### Data excerpt
-- Opening Marker --

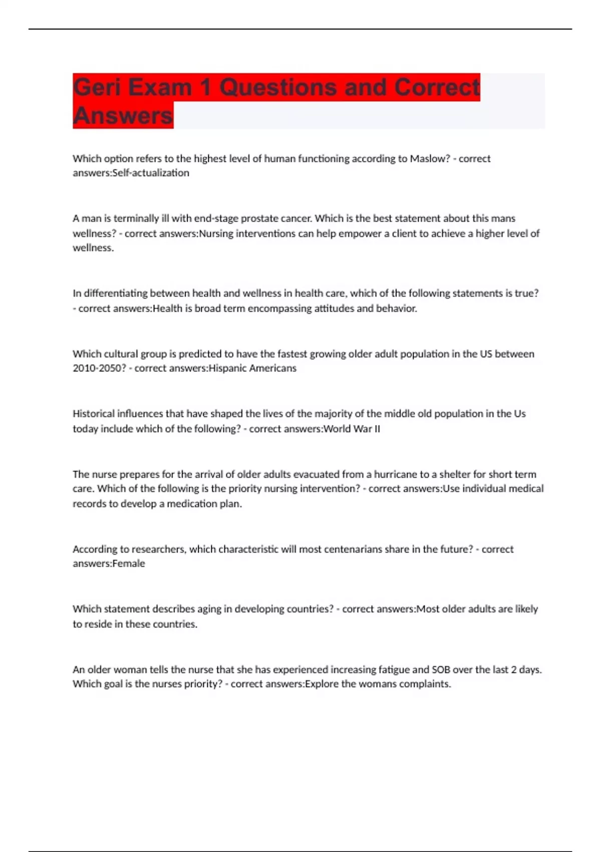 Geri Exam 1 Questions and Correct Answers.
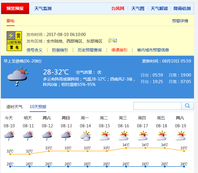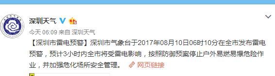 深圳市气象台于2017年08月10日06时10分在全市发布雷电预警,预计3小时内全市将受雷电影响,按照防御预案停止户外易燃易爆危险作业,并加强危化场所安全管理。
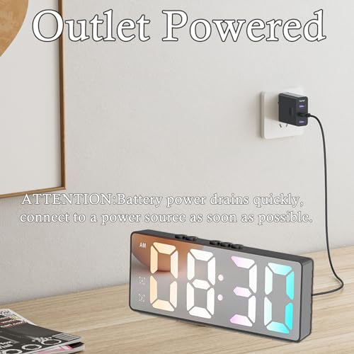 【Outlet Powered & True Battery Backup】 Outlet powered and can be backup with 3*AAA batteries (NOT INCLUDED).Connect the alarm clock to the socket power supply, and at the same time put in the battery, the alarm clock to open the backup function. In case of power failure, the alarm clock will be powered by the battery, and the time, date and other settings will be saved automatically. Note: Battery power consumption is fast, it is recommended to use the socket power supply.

-- Closing Marker --

### Exercise
The whole listing should be reproduced exactly. Images don't go in.

### Problem solution
 Geri Exam 1 Questions and Correct Answers.
 深圳市气象台于2017年08月10日06时10分在全市发布雷电预警,预计3小时内全市将受雷电影响,按照防御预案停止户外易燃易爆危险作业,并加强危化场所安全管理。
 【Outlet Powered & True Battery Backup】 Outlet powered and can be backup with 3*AAA batteries (NOT INCLUDED).Connect the alarm clock to the socket power supply, and at the same time put in the battery, the alarm clock to open the backup function. In case of power failure, the alarm clock will be powered by the battery, and the time, date and other settings will be saved automatically. Note: Battery power consumption is fast, it is recommended to use the socket power supply.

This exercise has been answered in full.